::: DATA FOR THE TASK :::

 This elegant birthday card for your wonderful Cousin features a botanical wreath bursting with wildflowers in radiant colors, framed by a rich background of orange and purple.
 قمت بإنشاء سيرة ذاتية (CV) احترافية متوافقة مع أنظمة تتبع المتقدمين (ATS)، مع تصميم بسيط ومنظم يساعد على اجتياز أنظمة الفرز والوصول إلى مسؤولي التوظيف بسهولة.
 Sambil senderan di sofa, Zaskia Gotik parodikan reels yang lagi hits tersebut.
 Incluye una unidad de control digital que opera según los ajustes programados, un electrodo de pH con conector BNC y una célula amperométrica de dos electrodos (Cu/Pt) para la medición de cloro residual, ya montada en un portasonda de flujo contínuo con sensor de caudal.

:::
::: DATA FOR THE TASK :::

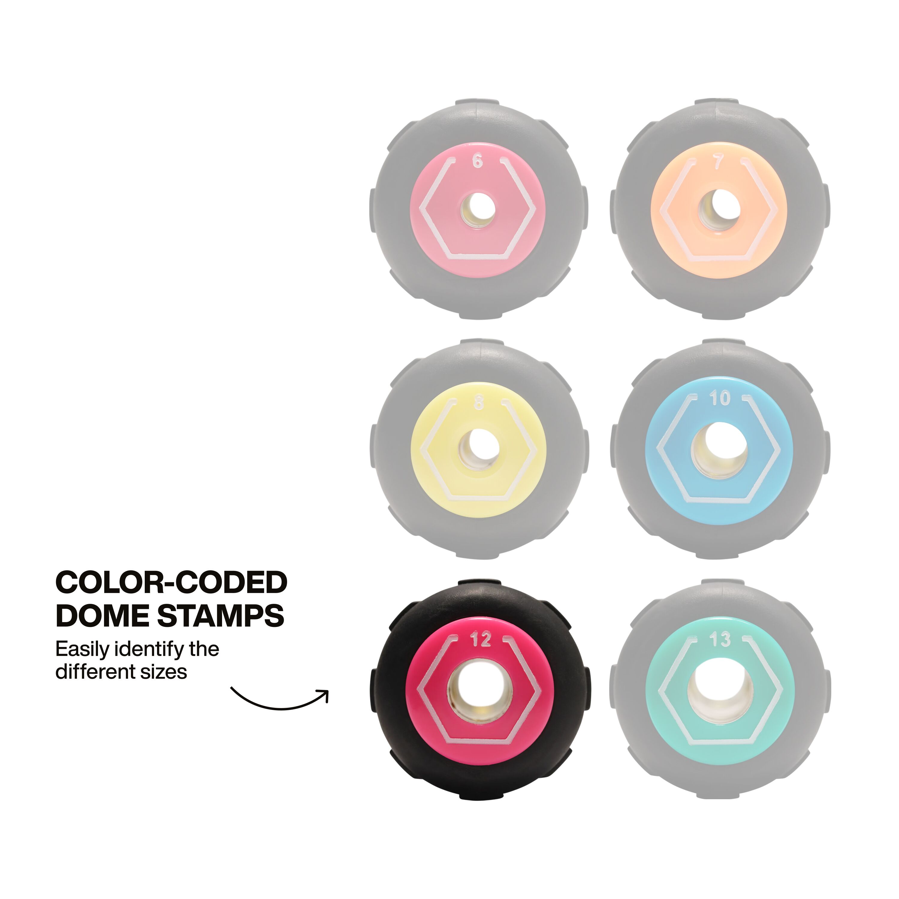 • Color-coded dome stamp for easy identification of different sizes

:::
::: DATA FOR THE TASK :::

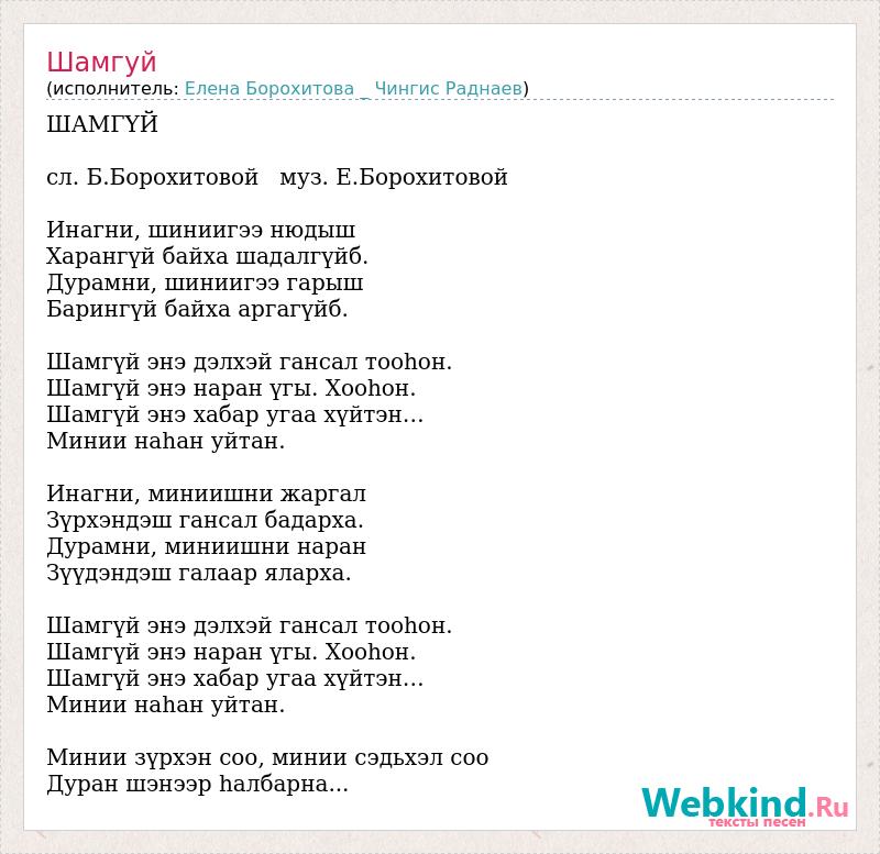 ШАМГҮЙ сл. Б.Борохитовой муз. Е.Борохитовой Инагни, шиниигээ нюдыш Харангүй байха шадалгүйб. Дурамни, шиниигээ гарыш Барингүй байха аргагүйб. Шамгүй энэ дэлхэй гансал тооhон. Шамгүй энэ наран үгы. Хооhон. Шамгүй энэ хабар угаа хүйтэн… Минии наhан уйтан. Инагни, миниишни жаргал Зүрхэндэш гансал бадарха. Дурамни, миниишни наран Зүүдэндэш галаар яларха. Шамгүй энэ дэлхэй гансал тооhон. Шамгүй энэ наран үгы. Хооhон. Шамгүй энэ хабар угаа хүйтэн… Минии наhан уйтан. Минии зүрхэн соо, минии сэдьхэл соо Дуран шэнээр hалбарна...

:::

## EXERCISE AIM
The required output is every line above from the one with "This elegant birthday" down to the one with "Sambil senderan di", restated word for word, ends included.

## ANSWER
 This elegant birthday card for your wonderful Cousin features a botanical wreath bursting with wildflowers in radiant colors, framed by a rich background of orange and purple.
 قمت بإنشاء سيرة ذاتية (CV) احترافية متوافقة مع أنظمة تتبع المتقدمين (ATS)، مع تصميم بسيط ومنظم يساعد على اجتياز أنظمة الفرز والوصول إلى مسؤولي التوظيف بسهولة.
 Sambil senderan di sofa, Zaskia Gotik parodikan reels yang lagi hits tersebut.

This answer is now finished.